Human-AI teaming to improve accuracy and efficiency of eligibility criteria prescreening for oncology trials: a randomized evaluation trial using retrospective electronic health records.
- 2026-02-03
- Nature communications 17(1)
- Ravi B Parikh
- Likhitha Kolla
- Elizabeth A Beothy
- William J Ferrell
- Brenda Laventure
- Matthew Guido
- Anthony Girard
- Yang Li
- Khaled Essam Mahmoud Dosoky
- Karim Tarabishy
- Parth S Patel
- Ayana Andalcio
- Kristin Maloney
- Jose Ulises Mena
- Wael Salloum
- Jinbo Chen
- Ezekiel J Emanuel
- PubMed: 41634037
- DOI: 10.1038/s41467-026-68873-8
Study Design
- Type
- Clinical Trial
- Sample size
- n = 355
- Population
- 355 patients with non-small cell lung or colorectal cancer
- Methods
- randomized noninferiority trial using retrospectively collected clinical charts comparing prescreening by trained research staff alone vs. augmented with a pre-trained language model
- Large Human Trial
- Rigorous Journal
Few adult patients with cancer enroll in oncology clinical trials. A rate-limiting step to trial enrollment is prescreening, involving clinical research staff manually abstracting unstructured health records to identify patients who meet eligibility criteria. Prescreening is time-consuming, labor-intensive, and prone to human error, resulting in under-identification of eligible patients.
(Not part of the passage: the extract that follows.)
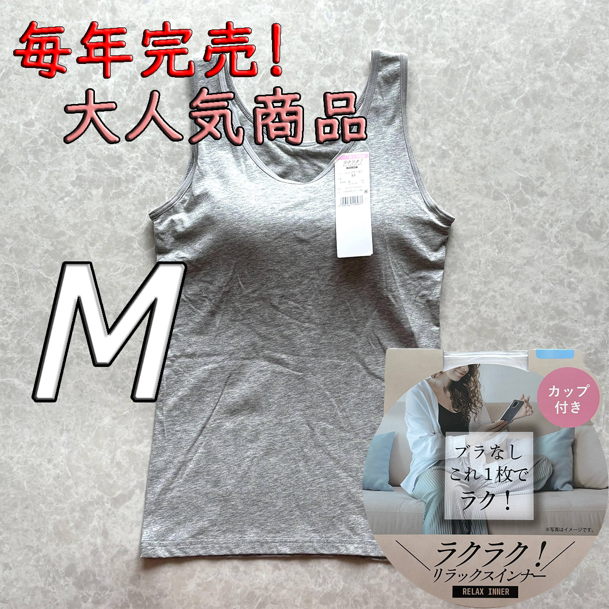 レディース M ブラトップ タンクトップ カップ付き インナー トップス ノンワイヤー 肌着 ルームウェア ブラジャー スポブラ グレー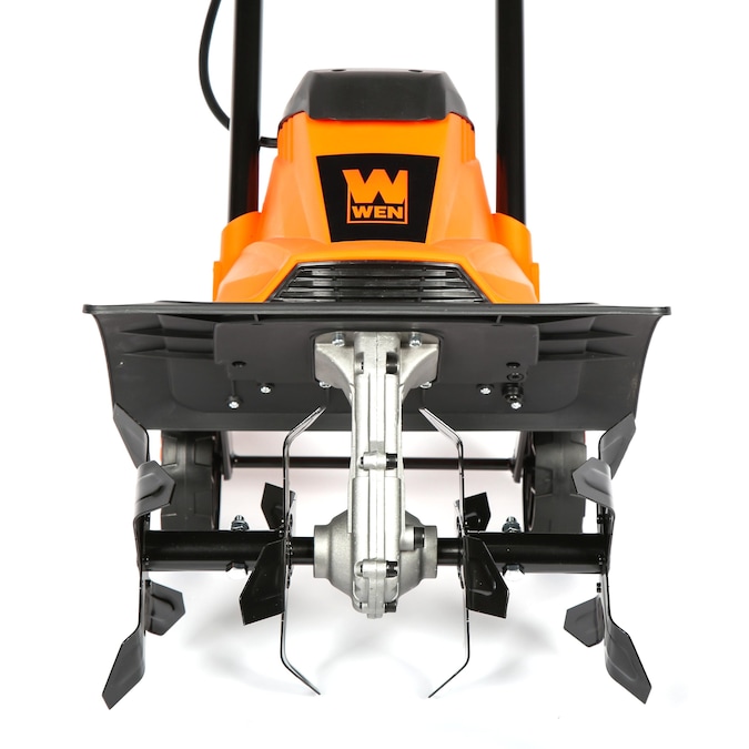Remember when you could cultivate the world? Get a license to till with the WEN Electric Tiller. The 10-amp motor rotates the four steel tines up to 360 times per minute, properly softening and turning your dirt to prep for planting and gardening. Till soil up to 14 inches wide and 8.7 inches deep. The dual-handle system helps maximize control during navigation and turns. Our 5-5/8-inch wheels’ position is easily adjusted with the pull of a pin, and coupled with the collapsible design, makes for easy transport and storage between uses. Overload protection automatically stops the motor during contact with hard rocks, concrete, and other immovable objects, preventing damage to the tiller and the blades. And because it’s a WEN product, your tiller comes backed by a two-year warranty, a helpful customer service line, and a stocked inventory of replacement parts, all to make sure you remember WEN.

Neurosymbolic AI language models may approximate or improve the accuracy of prescreening through automated abstraction of enrollment criteria from longitudinal unstructured patient charts. We conduct a randomized noninferiority trial using retrospectively collected clinical charts to compare the accuracy and efficiency of prescreening by trained research staff alone (Human-alone) vs. augmented with a pre-trained language model (Human+AI), among a cohort of 355 patients with non-small cell lung or colorectal cancer. Sample size is determined from analyses of a preliminary dataset as well as a prespecified, interim dataset of 74 charts. Chart-level accuracy, the primary endpoint of Human+AI prescreening is noninferior and superior to Human-alone (76.5% vs. 71.1%). However, efficiency is unchanged with similar average time per chart review, the secondary endpoint, (37.4 vs. 37.8 min). AI-assisted abstraction most improves accuracy for biomarker, staging, and response criteria. Performance is limited in some domains due to automation bias. Although improvements are modest, this large randomized trial evaluating a human-AI framework for oncology prescreening shows that AI language models can approximate and augment human-driven prescreening to enhance identification of trial-eligible patients, potentially increasing enrollment. The trial is registered on ClinicialTrials.gov (NCT06561217).